Mr. DAWSON added that it was alleged by the defendants that in June, 1923, plaintiff was informed by the Sun Insurance Office that they would require altered terms for the renewal of his policy, but plaintiff had no knowledge of that fact.

Evidence was given by Mr. DENT regarding accidents in which his car, a Sizaire Berwick, was concerned. In cross-examination he said he had had three motor car insurance policies in a period of five years. From June, 1922, to June, 1923, he had a policy with the Car & General Insurance Corporation, and for two years he was insured with the Sun Insurance Office. One proposal form which he received from the latter company was blank when he signed it.

Mr. SCHILLER: The answer to the question "What accidents have occurred during the past two years in connection with any motor car owned or driven by you" is given as "Nil." Was that true? Are you suggesting that it was in the proposal form when you signed it?-Mr. DENT: I am suggesting nothing, but I am positive it was blank when I signed it.

Asked by his LORDSHIP why he changed his insurance company, Mr. DENT said there were rumours about the Car & General Insurance Corporation, and he thought that the sooner he was out of it the better.

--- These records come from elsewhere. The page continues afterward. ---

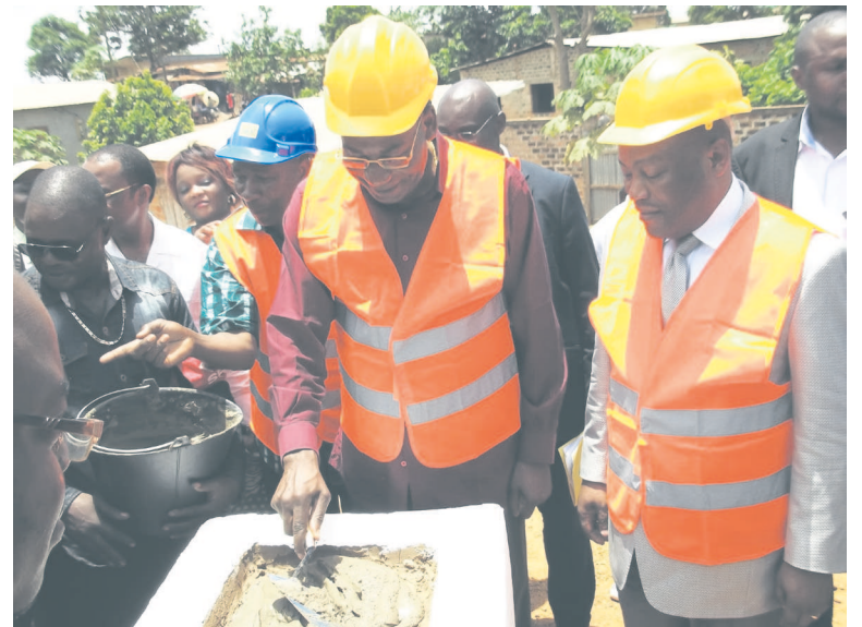
Le ministre Pierre Mabiala posant la première pierre de l'ouvrage

Le ministre des Affaires foncières et du domaine public a procédé le 28 février dernier à Dolisie, dans le département du Niari, à la pose de la première pierre en vue des travaux du pont « Ngouma Joseph » situé au quartier Gaya. Pierre Mabiala agit ici en sa qualité de président d'honneur de la Dynamique pour la paix.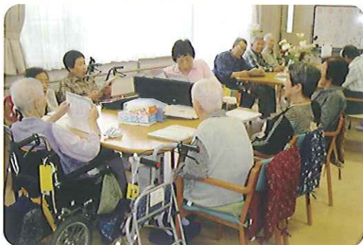
▲大正琴を囲んで癒しのひととき

現在は、踊りやカラオケの練習などで使用されることも多い相談室ですが、今後は茶話会の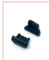
USB-Micro-Plug Stk. € 13,- / 10 Stk. € 100,-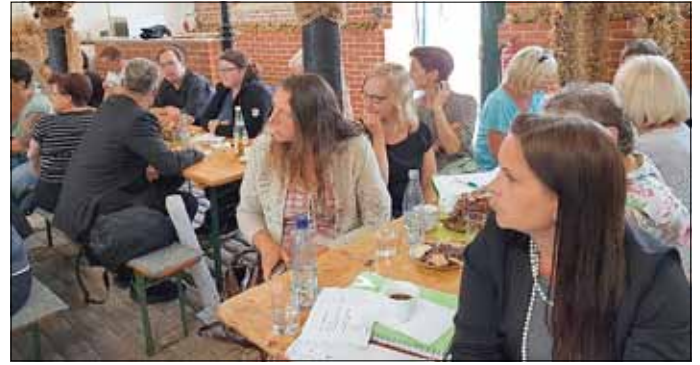
1. Regionalwerkstatt 2018

Die Bürgermeister der Kommunen des Wurzener Landes

Mr. SCHILLER: Did you change because they asked you to carry the first £10 worth of risk, as you had had so many accidents? -WITNESS: No, it is rubbish to say so.

Mr. FREDERICK GIDDEN, clerk in the accident department of the Sun Insurance Office, stated that during 1924 and 1925 seven claims were made by Mr. Dent under his insurance policy. There was a third party claim in respect of an accident in April, 1924, but so far as the company were aware Mr. Dent's car was not damaged on that occasion.

Mr. SCHILLER submitted that plaintiff's claim must fail on the evidence given, as some of the answers to questions on the proposal form were inaccurate. The object of questions put by insurance companies was to ascertain in detail the history of the car concerned. In this case Mr. Dest took out a policy with the Car & General

Insurance Corporation, and he had six accidents. On the day that the renewal of the policy was due he was negotiating with another company, and though he had had six accidents, the claims totalling £107, he mentioned only two of the accidents. Mr. Dent did not give reasonable and proper answers to the questions, and it was perfectly immaterial what his view was of what he was doing if he conveyed a wrong impression to the insurance company and did not tell them all the facts.

Giving evidence for the defence, Mr. CHARLES CALLIEU, manager of the Chancery Lane branch of the Car & General Insurance Corporation, said that during the year ended June, 1923, Mr. Dent's car was insured by that company. During the year the claims made by Mr. Dent and paid by the company amounted to £107 1s. 6d., and at the end of the year, when renewal of the policy was desired, Mr. Dent would be asked to bear the first £10 of any claim. Asked by Mr. HILBERY if he was aware of rumours in 1923 that the Car & General Insurance Corporation was in an unstable condition, witness replied that he never heard the rumours, and said that the company was, both in 1923 and at present, one of the premier companies carrying that type of risk.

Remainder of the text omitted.